Thursday, April 28, 2005

worry

I am not one to get stressed. In fact, I've hardly ever really been frantically stressed like many people I know. Of course, I always have about ten million minor worries, but I've never been the sort to freak out over a big assignment - just complain internally a little and then go with the flow.

But recently it hit me that I only get one chance to get into a good college and if I don't then well I could be screwed. And it hit me pretty hard and painfully and so I said, my goodness I have to get straight A+s by the end of this year to make sure I get into a good one. I have to do well on every assignment, study for every test until I know everything, and revise every paper over and over again until it is right.

I got an 82 on a test/quizthing the other day and almost swore aloud when I saw it in the middle of class. (And I never swear.) Then every time I thought about it I wanted to cry and was angry with myself and angry with the teacher for not having even explained more than just a little bit about what the test was on. And I know it should be put in the past because there is no other place for it.I'm just so worried. These fears make me obsessive and this obsession makes me compulsive and that's where I get to the very unpleasantness of the thing. I feel unprepared. I feel like getting into college is like a chess-game, in which a good player has to plan his every move far in advance in order to come out victorious. I am remorseful over the Bs and one shameful C that I got in freshman year, two years ago. In fact, I am remorseful over every B that has appeared on my report card all throughout high school, and angry that they have not only made an occasional appearance, because I mostly get A's with two or three B's. The blind ambition to get a row of grades above 94 on my year's-end report card is stressful.

But I realized that the schools I want most to go to are so selective, accepting usually less than 30% of their applicants, sometimes a lot less. I didn't know this before! I didn't know those were the ones I'd pick! How was I supposed to know, so far in advance? It seems like I should've known freshman year to get high grades to get into all honors tenth grade classes to get recommended for eleventh grade IB classes, of which in eleventh grade now I have none. At least I'm not going to mess up next year. It's going to be my most challenging schedule yet with APs and IBs and other such things. And then I worry that it will be a lot of work and I'd fall behind which I cannot under any circumstances ever do ever.

I've been so harrowed about it lately. For example, I got home from school today and read a letter from the school that got send to my house concerning a change in school uniform. See, usually, seniors are allowed to wear pastel colored blouses with no sweater or vest, while the rest of the students are made to wear plain white blouses with sweaters/vests over them.
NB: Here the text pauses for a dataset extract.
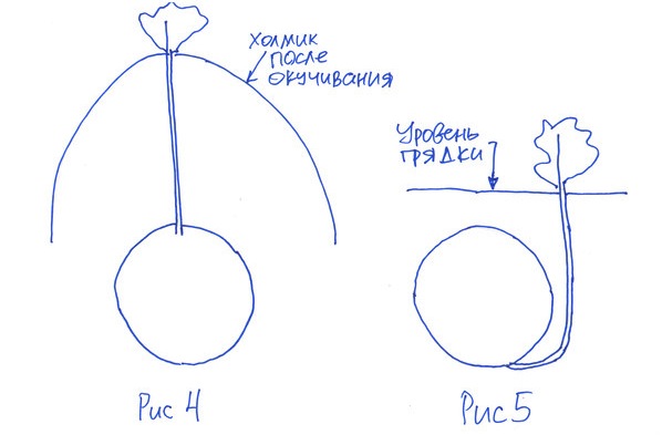 При посадке вверх ростками наростить такую же длину подземной части стеблей можно с помощью окучивания(сравните рисунки 4 и 5. На обоих рисунках длина этиолированного стебля одинакова). Посадка ростками вниз позволяет избежать этой трудоемкой и задерживающей развитие картофеля операции.

But next year seniors will be able only to wear blue shirts with a sweater or vest over them. I burst out crying. Yes, it is mightily disappointing to face another year of boring uniforms when I had looked forward to a little less dulness, but it's no reason to start sobbing. Really I wasn't in such a fit of nerves because of the uniform change but rather because of the stressfulness of all this and worrying about the mistakes I made in the past with not having gotten the best grades I could've gotten, and the imperative need to get the best grades now. And I know I'm not even applying to colleges for another, what, seven or eight months? But like I said, it feels like I had to start earlier than I am starting now with everything planned out just so to ensure success.

Success. It makes me jealous. My cardinal sin is fear and one of the many things of which I am afraid is failure. Fear leads me to jealousy and I envy those who strive to do their best all the time and who have planned since freshman year and who did take all those IB classes and who do get straight A's all the time. I'm jealous. I'm jealous and it's not good, for I should instead be motivated for myself without the poison of jealousy slipping in.